40 North submits merger agreement after upped WR Grace takeover bid

Author: Janet Miranda


HOUSTON (ICIS)--40 North has submitted a merger agreement mark-up after it increased its takeover offer for WR Grace to $70 per share up from $65 per share.

The company added that with WR Grace’s cooperation, they will be set to sign a definitive agreement within the next two weeks.

40 North, which is WR Grace’s biggest shareholder raised its offer to $4.6bn in its “best and final” offer the day after a standstill agreement between the companies expired.

The new offer is a 74% premium over Grace’s closing share price on 13 October 2020.

“Though the results of our work did not fully support management’s optimistic growth expectations for Grace’s specialty catalysts business, we remain firm in our belief that Grace’s full potential for all stakeholders can best be achieved outside of the public markets with proactive, hands-on management,” said 40 North in a letter.

40 North said in the letter it had “serious reservations” with regard to WR Grace’s “questionably-timed” acquisition of Albemarle’s Fine Chemistry Services business for $570m.

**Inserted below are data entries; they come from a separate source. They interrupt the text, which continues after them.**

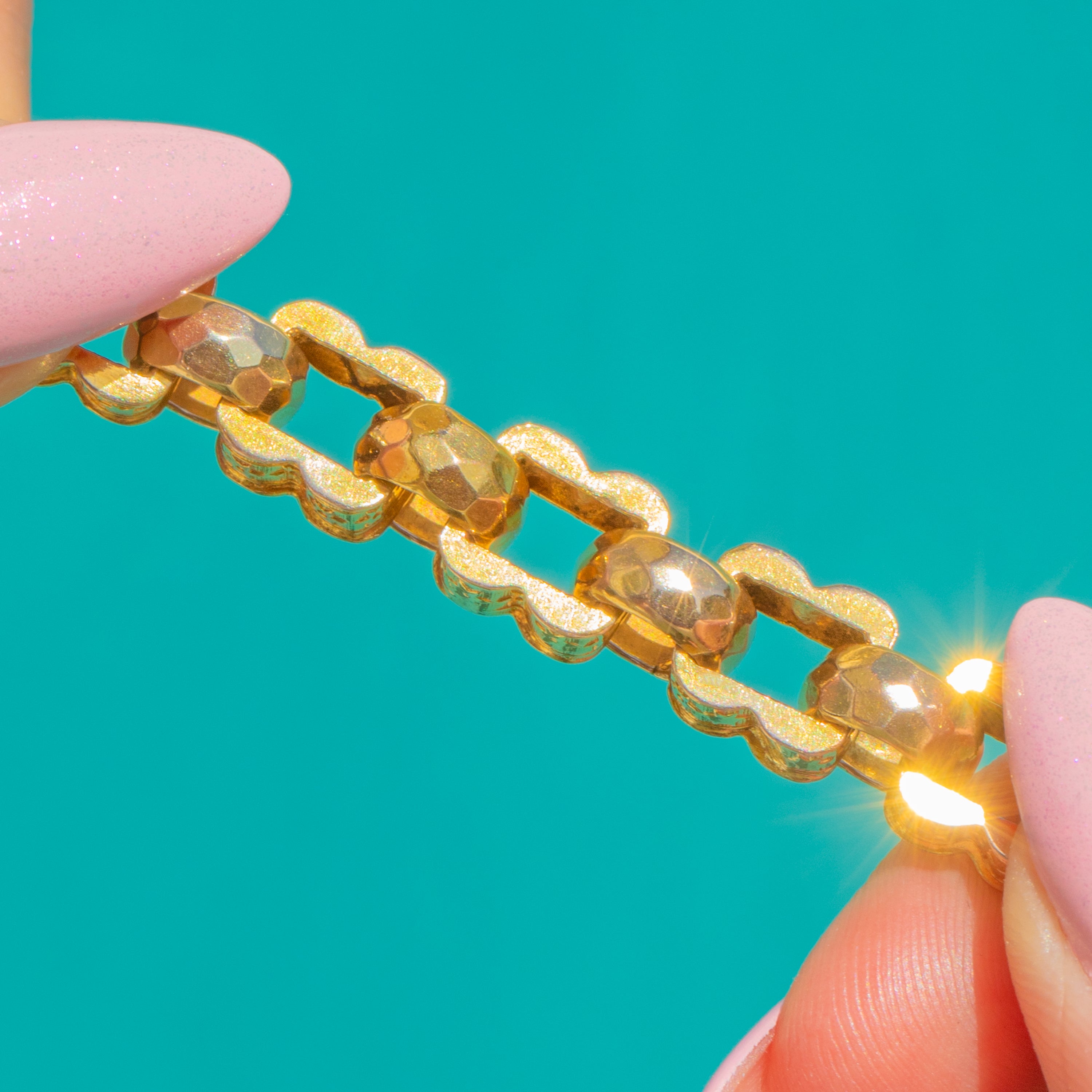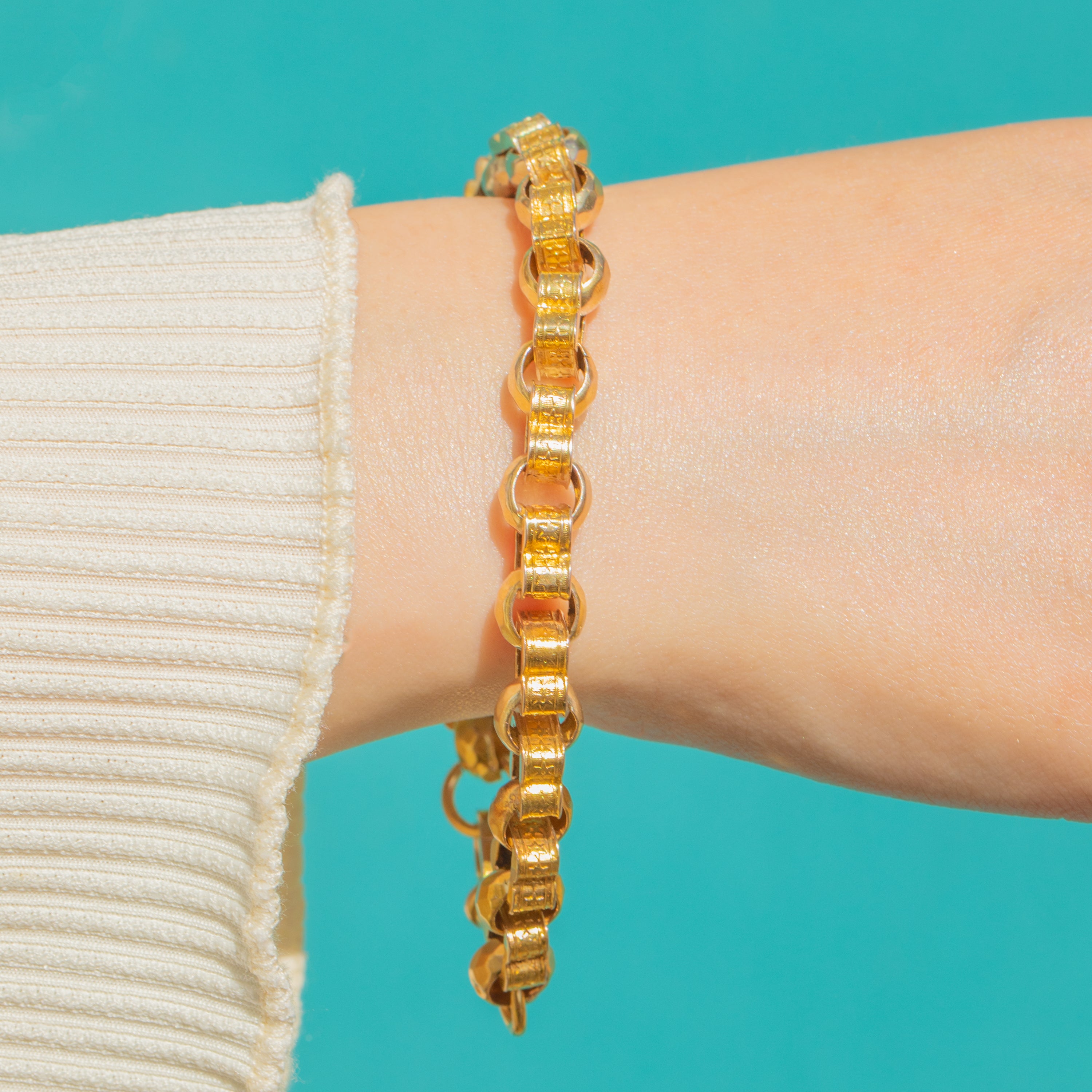 Chunky, sculptural and unmistakably Victorian, this 9ct Gold fancy bracelet is a timeless statement piece. Richly patterned star motif links alternate with chunky, faceted round links, flowing with beautiful articulation and closing with a classic dog clip, delivering that coveted antique silhouette with a satisfyingly substantial feel.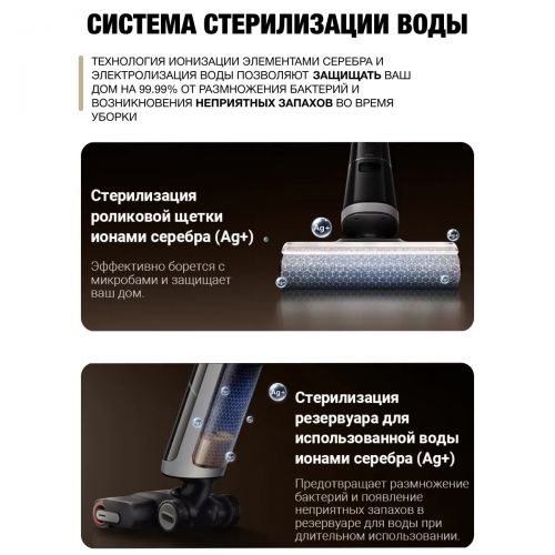 Технология ионизации элементами серебра позволяет H14 DUAL защищать ваш пол на 99,99% от размножения бактерий и неприятных запахов во время уборки.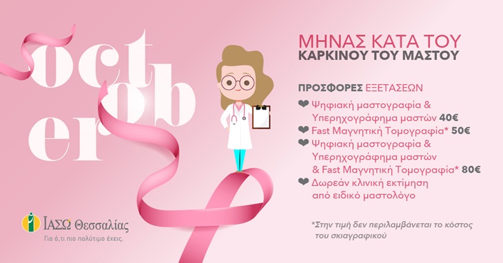 Ο μήνας Οκτώβριος είναι αφιερωμένος στη μάχη κατά του καρκίνου του μαστού. Το ΙΑΣΩ Θεσσαλίας, θέλοντας να τονίσει τη σημασία του προληπτικού ελέγχου και να δώσει τη δυνατότητα σε όσο το δυνατόν περισσότερες γυναίκες να κάνουν το ετήσιο check up του μαστού τους, προσφέρει ειδικά πακέτα εξετάσεων: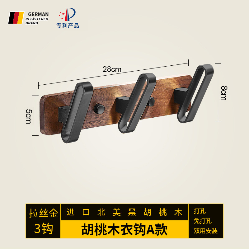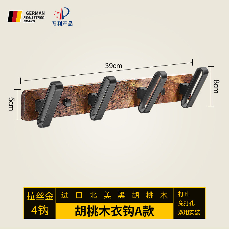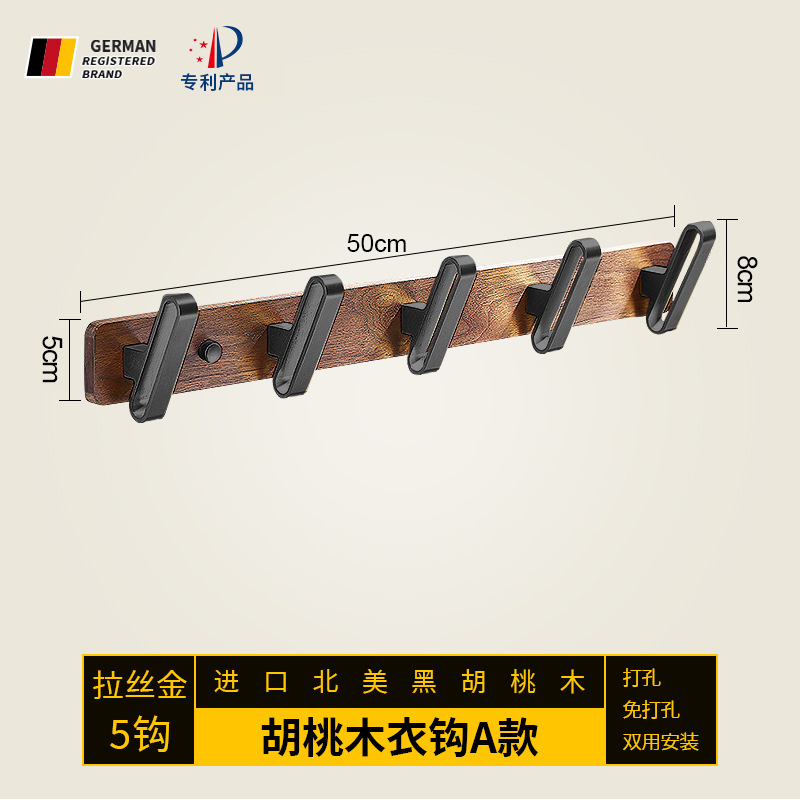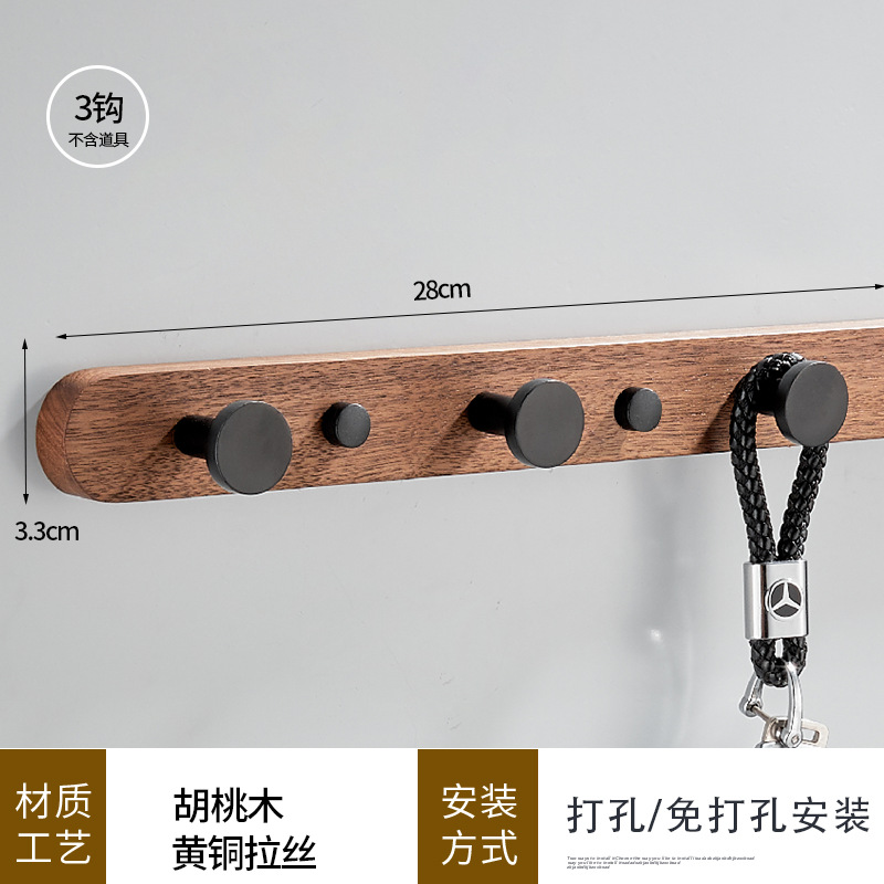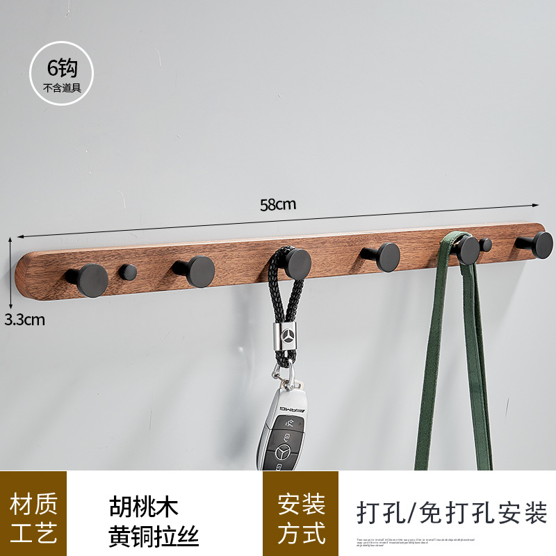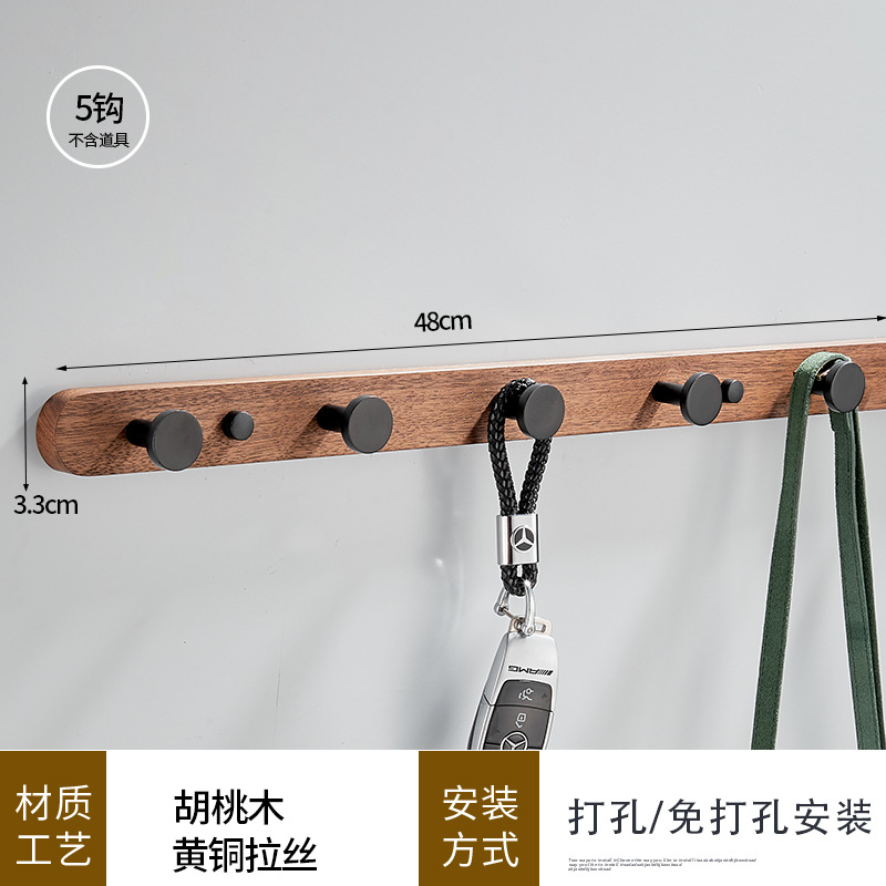 浴室黑胡桃木挂钩卫生间门后毛巾衣服挂钩衣帽钩排钩免打孔挂衣钩

WR Grace outright rejected an earlier proposal of $60 per share in November. In January, 40 North upped its bid to 65 per share.

Previously, the US-based catalyst producer has said that any transaction would need to be at a price level that reflects the full value of Grace for its shareholders.

40 North is a privately held investment firm that is part of Standard Industries, a roofing and water proofing manufacturer with other businesses that make building materials.

The investment firm is WR Grace’s biggest shareholder with a stake of nearly 15%.

40 North’s proposal does not include any financing contingency, JP Morgan, Deutsche Bank, BNP Paribas are lined up as financing banks.